Each of the nerve-resident cell types is expected to express a distinct portfolio of genes at particular levels, depending on the differentiation state during development, degeneration and regeneration after injury, and in aging. However, our knowledge in this context is fragmentary and often limited in cellular resolution. For example, several transcriptome analyses in mice and rats have been carried out that reflect peripheral nerves as an organ (Arthur-Farraj et al., 2017; D'Antonio et al., 2006; Figlia et al., 2017; Fledrich et al., 2018; Fröb et al., 2019; Gerber et al., 2019; Gökbuget et al., 2018; Kim et al., 2018; Le et al., 2005; Nagarajan et al., 2002; Patzig et al., 2011; Quintes et al., 2016; Ryu et al., 2008; Verheijen et al., 2003), complemented by some proteomics studies (Patzig et al., 2011; Siems et al., 2020). Albeit valuable, these studies cannot distinguish between particularities of the different cell populations of the different tissues involved. They are also prone to some misinterpretations due to the limitations of bulk analysis of cellularly heterogenous organs and tissues. Nevertheless, since SCs are the most numerous cell type present in nerves (Stierli et al., 2018), such datasets can be and have been interpreted, at first approximation, as a surrogate for the analysis of SC gene expression. Even among SCs, however, this approach cannot resolve the differences between myelinating and non-myelinating (also known as Remak) SCs, which are expected to express different subsets of transcripts (Gomez-Sanchez et al., 2017; Harty and Monk, 2017; Jessen et al., 2015; Monk et al., 2015; Salzer, 2015). Studies aimed at analyzing SCs more specifically (Clements et al., 2017), and also the transcriptomes of other cell types in the nerve with single-cell RNA sequencing (Carr et al., 2019), have been largely restricted to either early embryonic development (Buchstaller et al., 2004; Furlan et al., 2017) or adult stages mainly in the context of tissue regeneration after injury (Carr et al., 2019; Clements et al., 2017).

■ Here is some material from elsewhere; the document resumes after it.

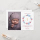 Blå och rosablommig baby dop tackkort. Har en krans av akvarell peonior och bebisfoto. Matchande föremål finns.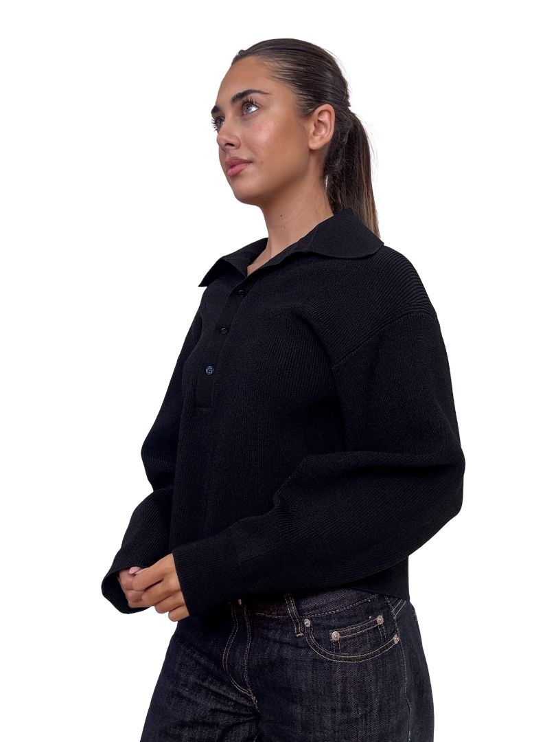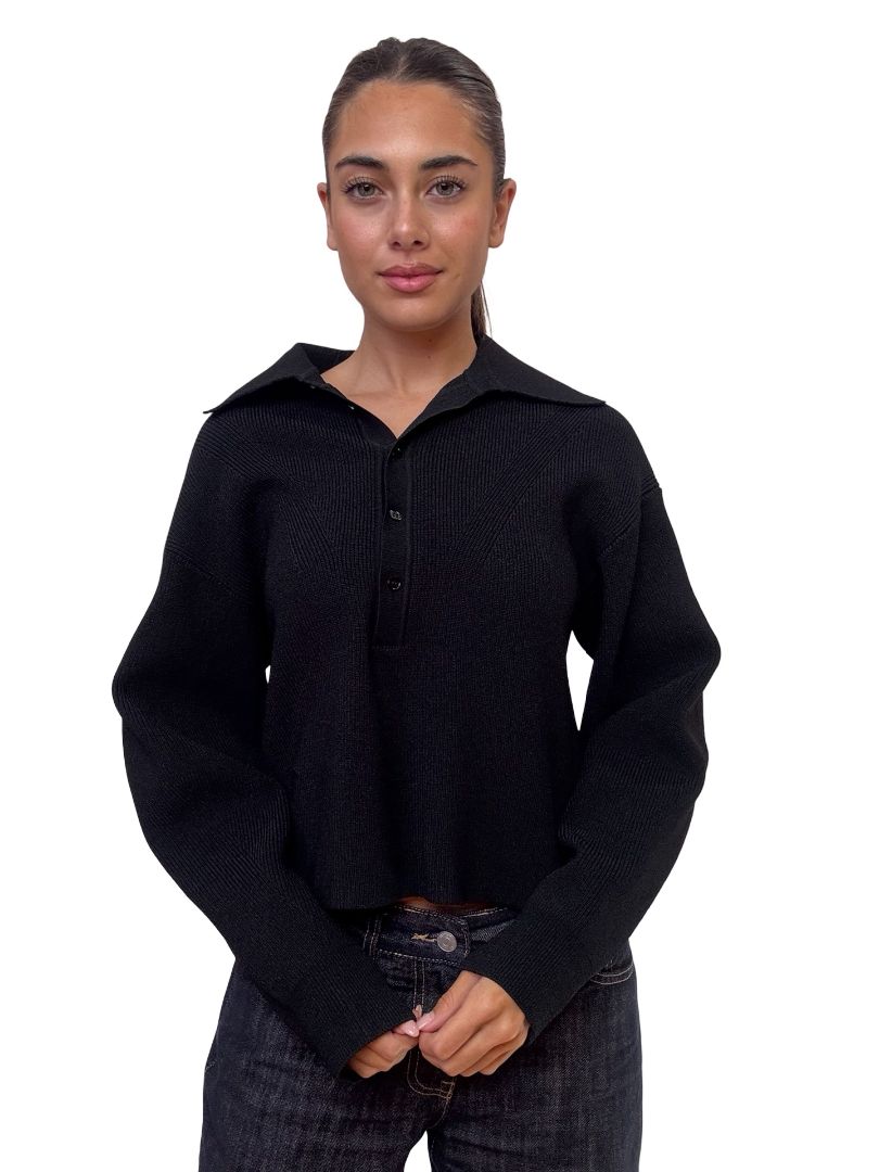 Scanlan Theodore Black Crepe Long Sleeve Polo. Size: S

Taken together, the rather fragmentary time points employed, together with some technical constrains, limit the universal use of the currently available data in a satisfactory manner. Thus, motivated by the demands of current research on peripheral nerve biology in health and disease, together with appreciating the highly informative nature of analogous work in the CNS (Marques et al., 2018; Marques et al., 2016; Zhang et al., 2014), we reasoned that a focused, easily accessible, and integrated transcriptome analysis for developing peripheral nerves and their constituent cell types would be valuable. Exemplary potential benefits include: (1) Straight-forward determination of transcript expression and changes during development and in the adult nerve, in bulk and down to the cellular level; (2) Potential use of gene expression in individual cells, or in group of cells, to expand and refine the current set of available markers that can be employed to define cells with particular structures and functions in the nerve tissue under different conditions in health and disease; (3) Identification of particularly regulated genes that may provide the basis for developing improved tools for cell-type specific labeling and genetic alteration studies; and (4) Refinement of the interpretation and integration of previous research results that were obtained with lower spatial and/or temporal cellular resolution, or with different experimental emphasis.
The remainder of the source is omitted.